◆ **Data listing**
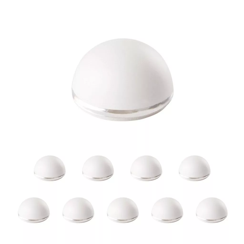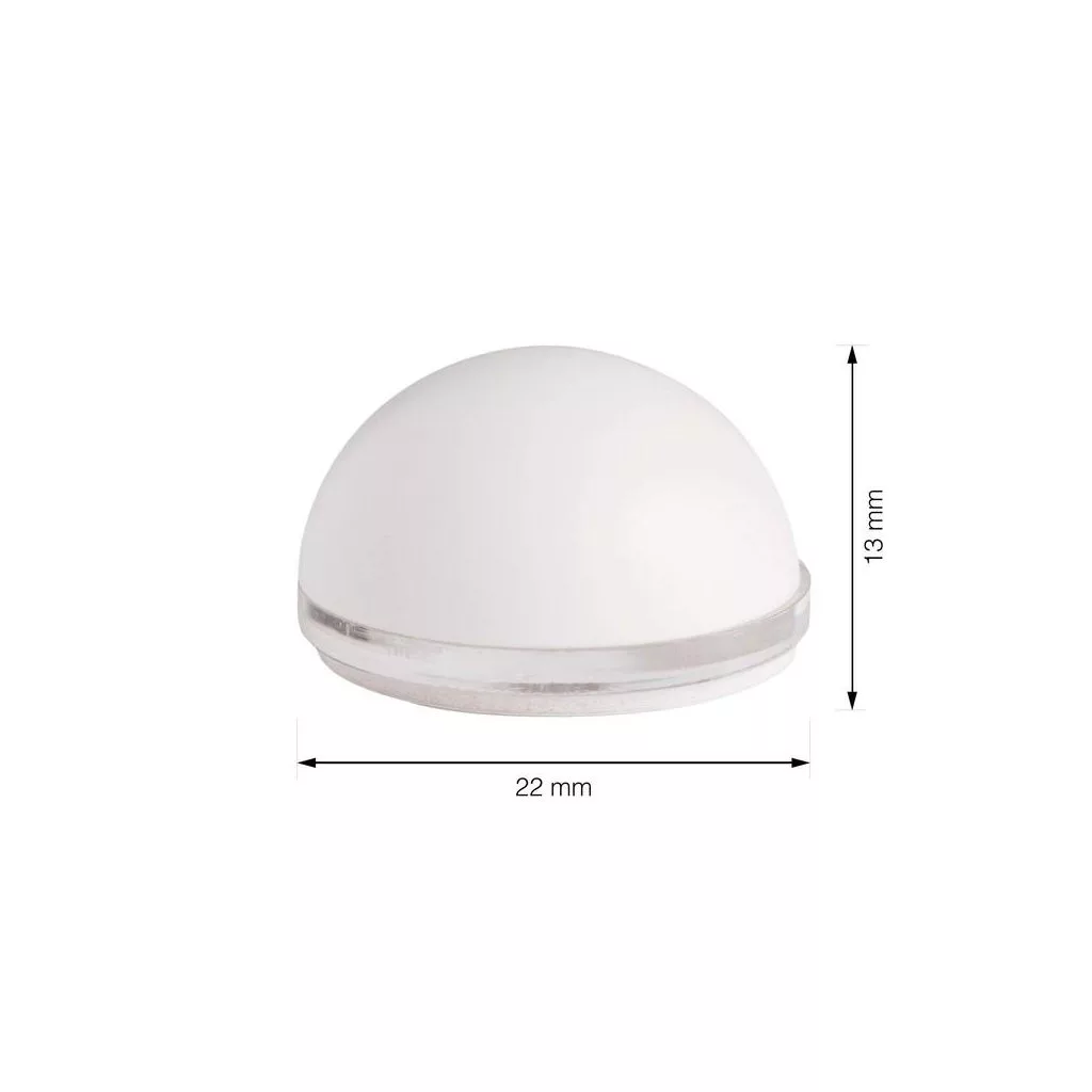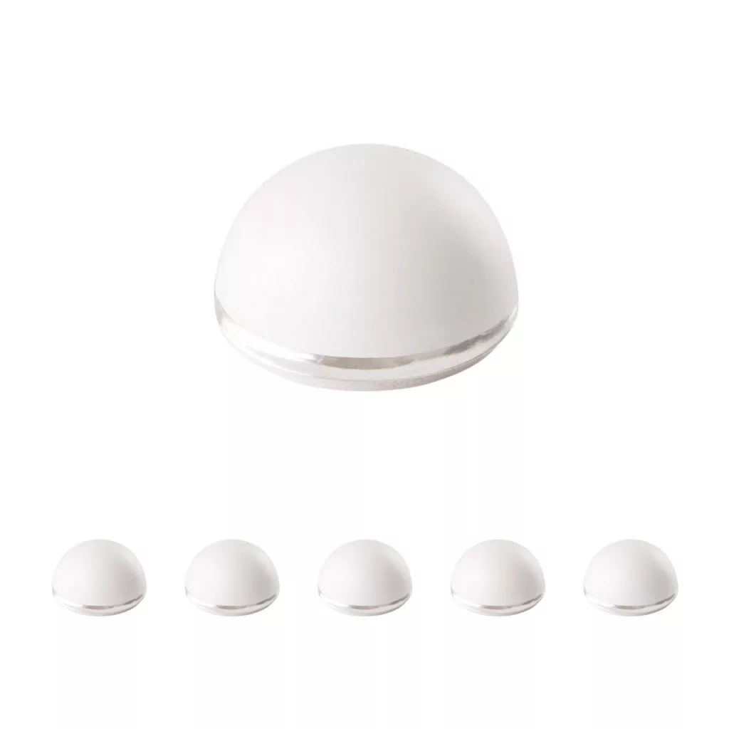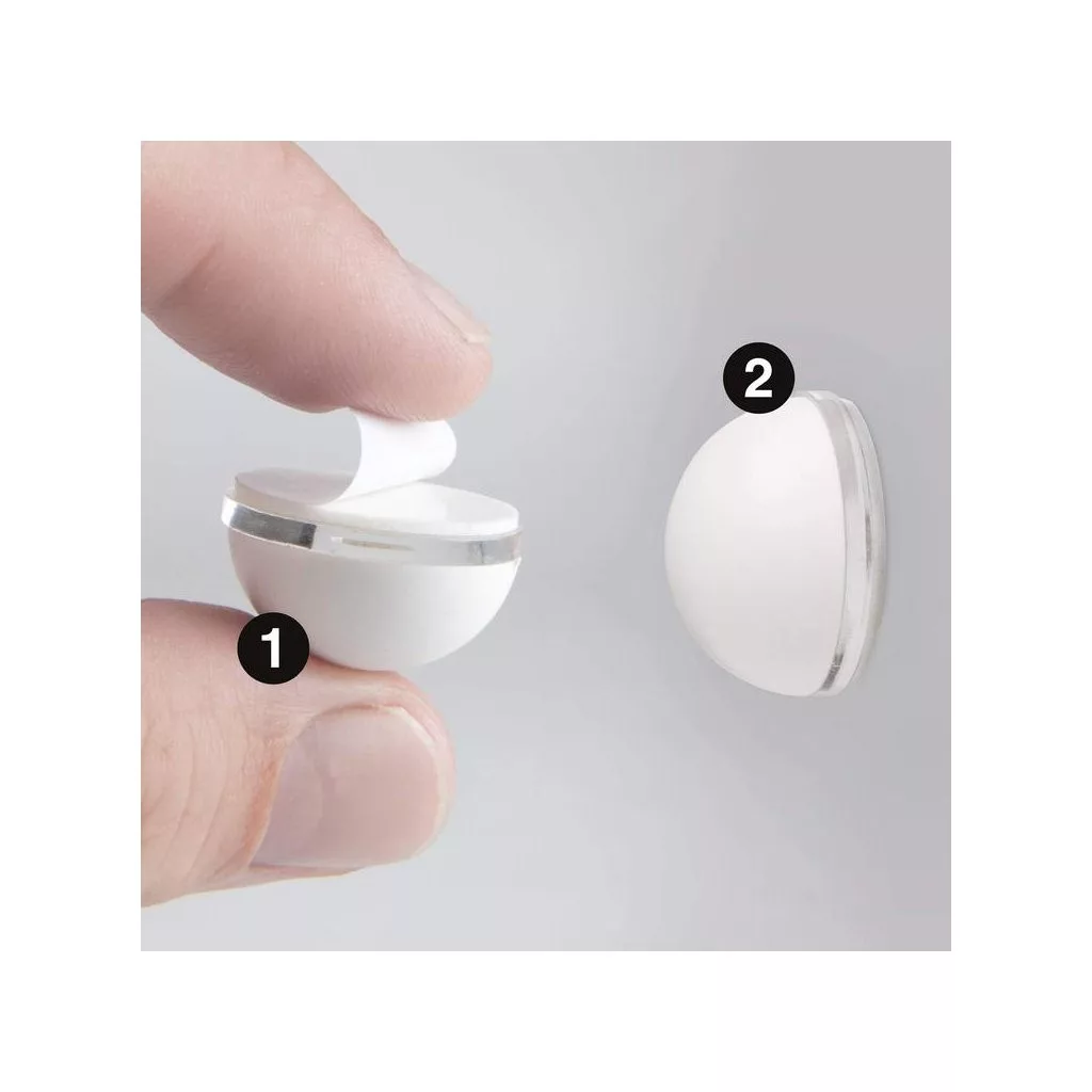 22 mm átmérőjű és 15 mm magas, fehér színű műanyag ajtóütköző. A falra a fogantyú magasságában ragasztható.
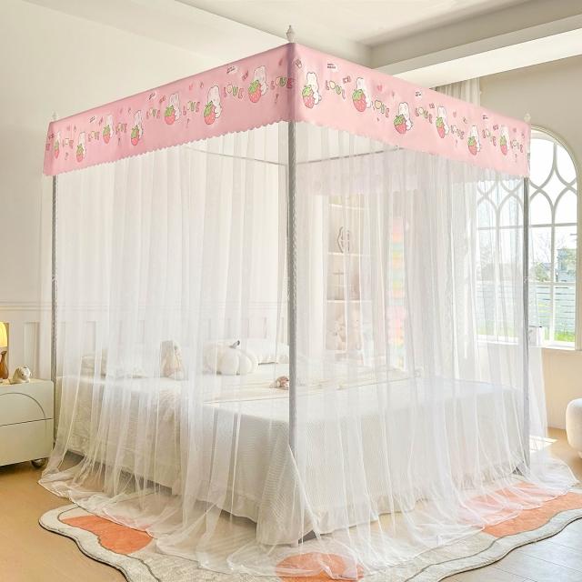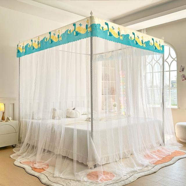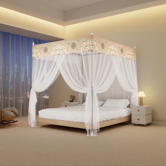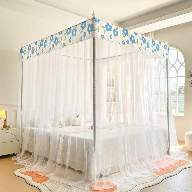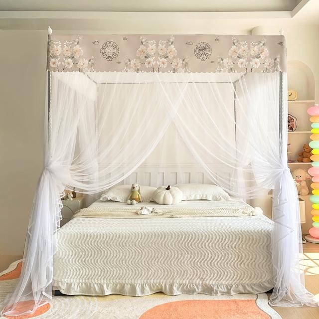 2026新款宮廷落地印花布帳沿網紗款蚊帳三開門加密帳紗床上用品 7d8
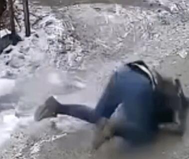 当时,这名正女子站在楼下低头看手机,突然楼上掉下大块冰溜子,重重地砸在女子后背上,女子当场被砸倒地,痛苦呻吟。
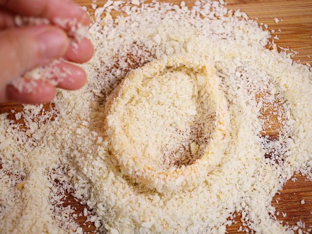 계란물에 담갔다가 빵가루를 입히면 준비 끝.
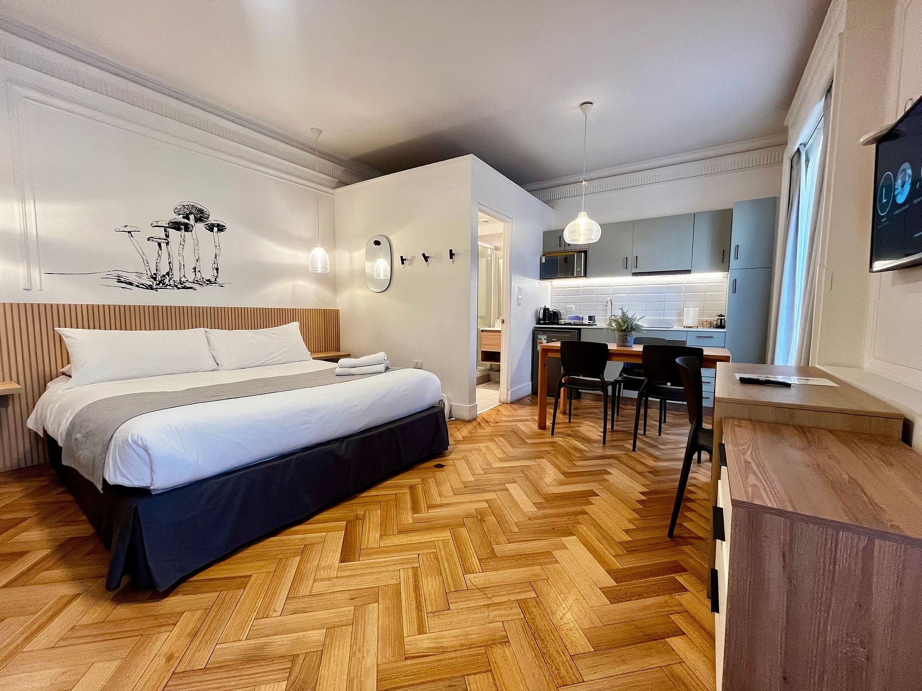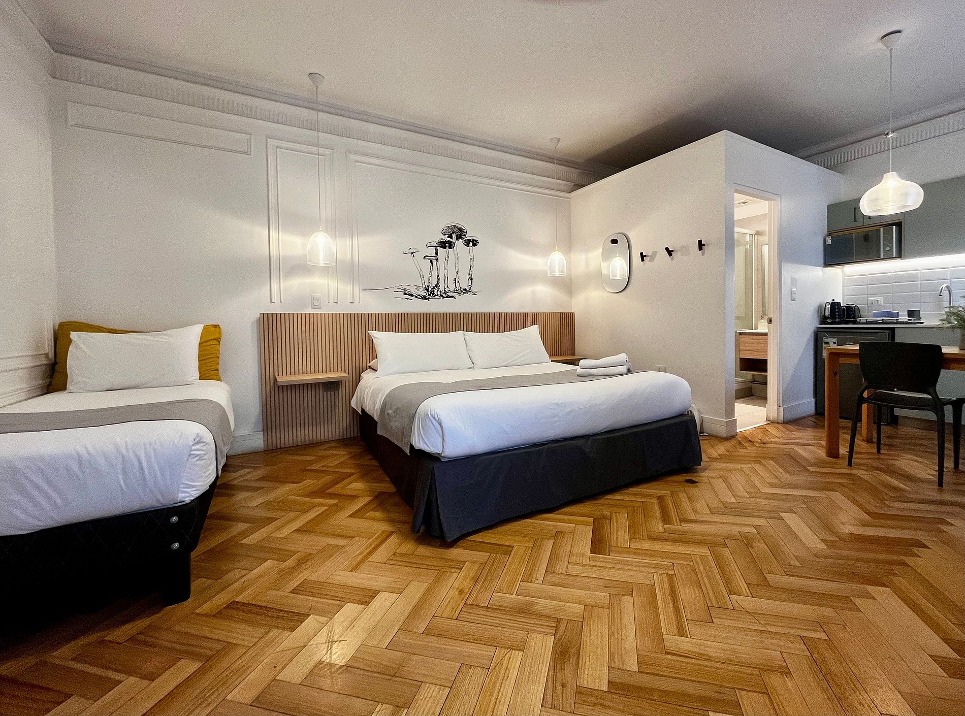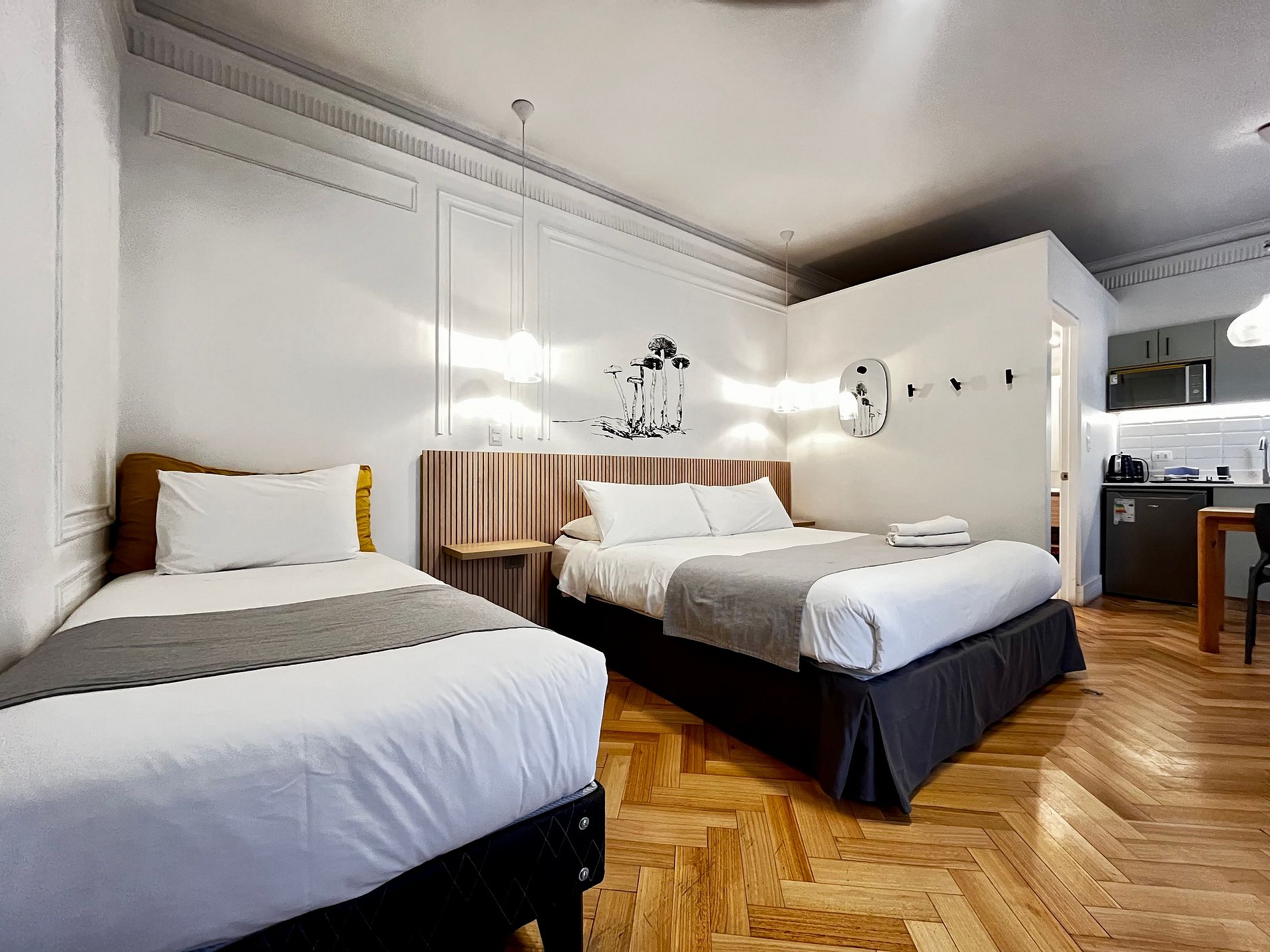 Providencia sector calles Condell y Salvador. Departamento de 1 ambiente, una cama doble y una cama individual, un baño con ducha , cocina full equipada, . El departamento forma parte del atractivo y elegante Edificio Living Terranova.
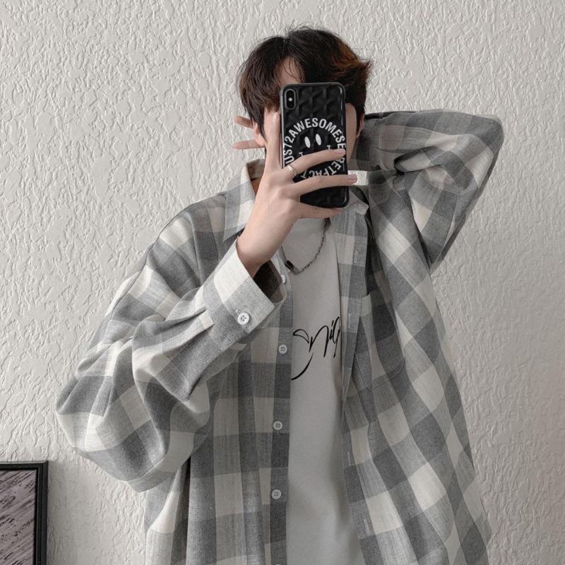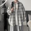 Herrskjorta i rutigt mönster i koreansk stil, Vår 2021 - Tonåring Långärmad, Lös passform, Trendig jacka
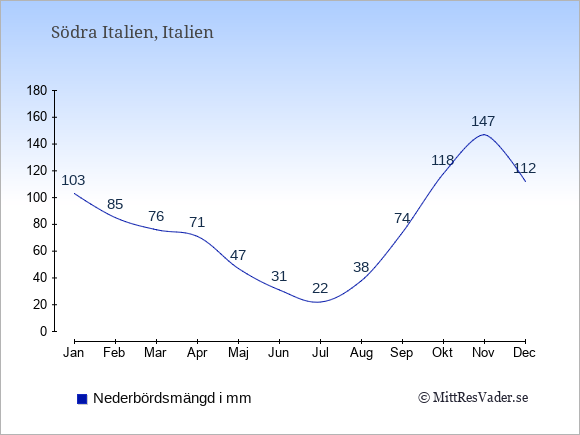 För att se hur vädret i Södra Italien skiljer sig från vädret hemma, kan du också jämföra siffrorna måned för måned med motsvarande siffror för Sverige under samma period här: Södra Italiens klimat.
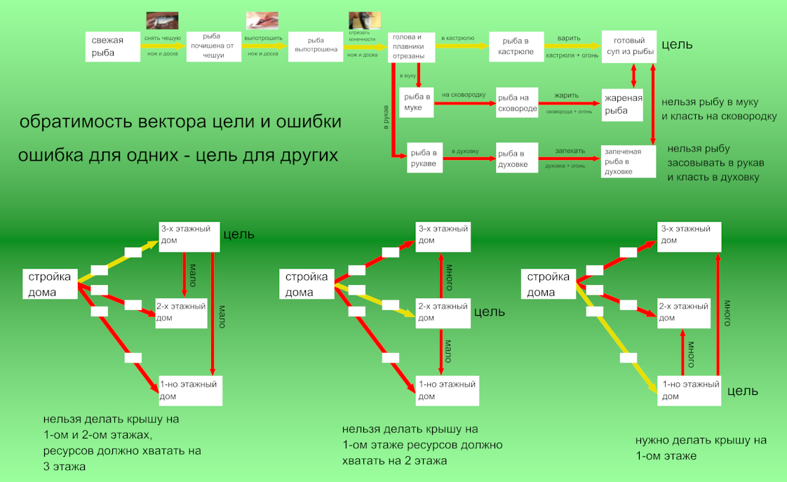 ![]() При этом в "Ромбиках" - операторах условного перехода - содержательная часть - СРАВНЕНИЕ того что достигается в промежуточных шагах с целевыми функциями, т.е. вектор ошибки управления, разбитого на несколько этапов (шагов). Прямая связь (шаг или действие) + обратная связь, отвечающая как "НЕТ" на каждый из вопросов в ромбиках формируют циклический процесс достижения на данном этапе целевых функций, короче - обнуление частных векторов ошибки. Единственное в этом примере я не стал расписывать количественные характеристики (типа сколько конкретно надо приготовить котлет. сколько нужно мяса и т.д.) они просто по умолчанию в самих ромбиках.

◆ **Assigned task**
Only the lines starting at the one that includes "当时,这名正女子站在楼下低头" and ending at the one that includes "Herrskjorta i rutigt" should be retyped, exactly, from the records above; no pictures.

◆ **Exercise solution**
 当时,这名正女子站在楼下低头看手机,突然楼上掉下大块冰溜子,重重地砸在女子后背上,女子当场被砸倒地,痛苦呻吟。
 계란물에 담갔다가 빵가루를 입히면 준비 끝.
 Providencia sector calles Condell y Salvador. Departamento de 1 ambiente, una cama doble y una cama individual, un baño con ducha , cocina full equipada, . El departamento forma parte del atractivo y elegante Edificio Living Terranova.
 Herrskjorta i rutigt mönster i koreansk stil, Vår 2021 - Tonåring Långärmad, Lös passform, Trendig jacka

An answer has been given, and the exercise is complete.